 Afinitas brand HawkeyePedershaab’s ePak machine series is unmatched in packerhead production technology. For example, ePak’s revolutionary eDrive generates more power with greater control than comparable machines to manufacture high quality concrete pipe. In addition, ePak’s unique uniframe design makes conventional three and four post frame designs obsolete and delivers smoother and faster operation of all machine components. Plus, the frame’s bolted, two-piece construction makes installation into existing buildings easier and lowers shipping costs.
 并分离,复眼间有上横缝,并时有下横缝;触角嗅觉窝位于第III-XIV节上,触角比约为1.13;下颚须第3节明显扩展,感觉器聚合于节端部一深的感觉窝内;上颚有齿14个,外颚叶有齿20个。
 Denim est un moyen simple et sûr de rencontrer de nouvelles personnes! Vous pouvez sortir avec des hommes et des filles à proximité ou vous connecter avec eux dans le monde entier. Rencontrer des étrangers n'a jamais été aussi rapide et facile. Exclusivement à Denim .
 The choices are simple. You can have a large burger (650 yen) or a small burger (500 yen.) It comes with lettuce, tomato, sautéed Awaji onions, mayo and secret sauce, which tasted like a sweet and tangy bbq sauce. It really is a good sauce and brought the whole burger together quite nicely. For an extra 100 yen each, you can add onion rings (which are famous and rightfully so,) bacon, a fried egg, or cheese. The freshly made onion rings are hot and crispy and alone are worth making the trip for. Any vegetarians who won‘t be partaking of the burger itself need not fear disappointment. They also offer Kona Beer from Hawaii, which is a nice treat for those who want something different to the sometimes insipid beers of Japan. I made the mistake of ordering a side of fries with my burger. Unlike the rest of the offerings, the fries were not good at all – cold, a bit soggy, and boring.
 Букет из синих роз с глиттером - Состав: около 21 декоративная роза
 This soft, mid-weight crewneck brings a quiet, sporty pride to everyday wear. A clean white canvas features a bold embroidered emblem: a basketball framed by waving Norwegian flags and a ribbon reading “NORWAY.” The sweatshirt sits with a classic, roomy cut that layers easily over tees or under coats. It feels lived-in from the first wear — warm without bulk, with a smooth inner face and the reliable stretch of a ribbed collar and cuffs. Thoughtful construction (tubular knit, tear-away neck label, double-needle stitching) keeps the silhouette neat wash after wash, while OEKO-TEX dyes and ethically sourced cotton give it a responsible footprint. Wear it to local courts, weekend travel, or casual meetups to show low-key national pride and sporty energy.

+-------+

Action item
Every line of the data above should be reproduced word for word.

Output
 Afinitas brand HawkeyePedershaab’s ePak machine series is unmatched in packerhead production technology. For example, ePak’s revolutionary eDrive generates more power with greater control than comparable machines to manufacture high quality concrete pipe. In addition, ePak’s unique uniframe design makes conventional three and four post frame designs obsolete and delivers smoother and faster operation of all machine components. Plus, the frame’s bolted, two-piece construction makes installation into existing buildings easier and lowers shipping costs.
 并分离,复眼间有上横缝,并时有下横缝;触角嗅觉窝位于第III-XIV节上,触角比约为1.13;下颚须第3节明显扩展,感觉器聚合于节端部一深的感觉窝内;上颚有齿14个,外颚叶有齿20个。
 Denim est un moyen simple et sûr de rencontrer de nouvelles personnes! Vous pouvez sortir avec des hommes et des filles à proximité ou vous connecter avec eux dans le monde entier. Rencontrer des étrangers n'a jamais été aussi rapide et facile. Exclusivement à Denim .
 The choices are simple. You can have a large burger (650 yen) or a small burger (500 yen.) It comes with lettuce, tomato, sautéed Awaji onions, mayo and secret sauce, which tasted like a sweet and tangy bbq sauce. It really is a good sauce and brought the whole burger together quite nicely. For an extra 100 yen each, you can add onion rings (which are famous and rightfully so,) bacon, a fried egg, or cheese. The freshly made onion rings are hot and crispy and alone are worth making the trip for. Any vegetarians who won‘t be partaking of the burger itself need not fear disappointment. They also offer Kona Beer from Hawaii, which is a nice treat for those who want something different to the sometimes insipid beers of Japan. I made the mistake of ordering a side of fries with my burger. Unlike the rest of the offerings, the fries were not good at all – cold, a bit soggy, and boring.
 Букет из синих роз с глиттером - Состав: около 21 декоративная роза
 This soft, mid-weight crewneck brings a quiet, sporty pride to everyday wear. A clean white canvas features a bold embroidered emblem: a basketball framed by waving Norwegian flags and a ribbon reading “NORWAY.” The sweatshirt sits with a classic, roomy cut that layers easily over tees or under coats. It feels lived-in from the first wear — warm without bulk, with a smooth inner face and the reliable stretch of a ribbed collar and cuffs. Thoughtful construction (tubular knit, tear-away neck label, double-needle stitching) keeps the silhouette neat wash after wash, while OEKO-TEX dyes and ethically sourced cotton give it a responsible footprint. Wear it to local courts, weekend travel, or casual meetups to show low-key national pride and sporty energy.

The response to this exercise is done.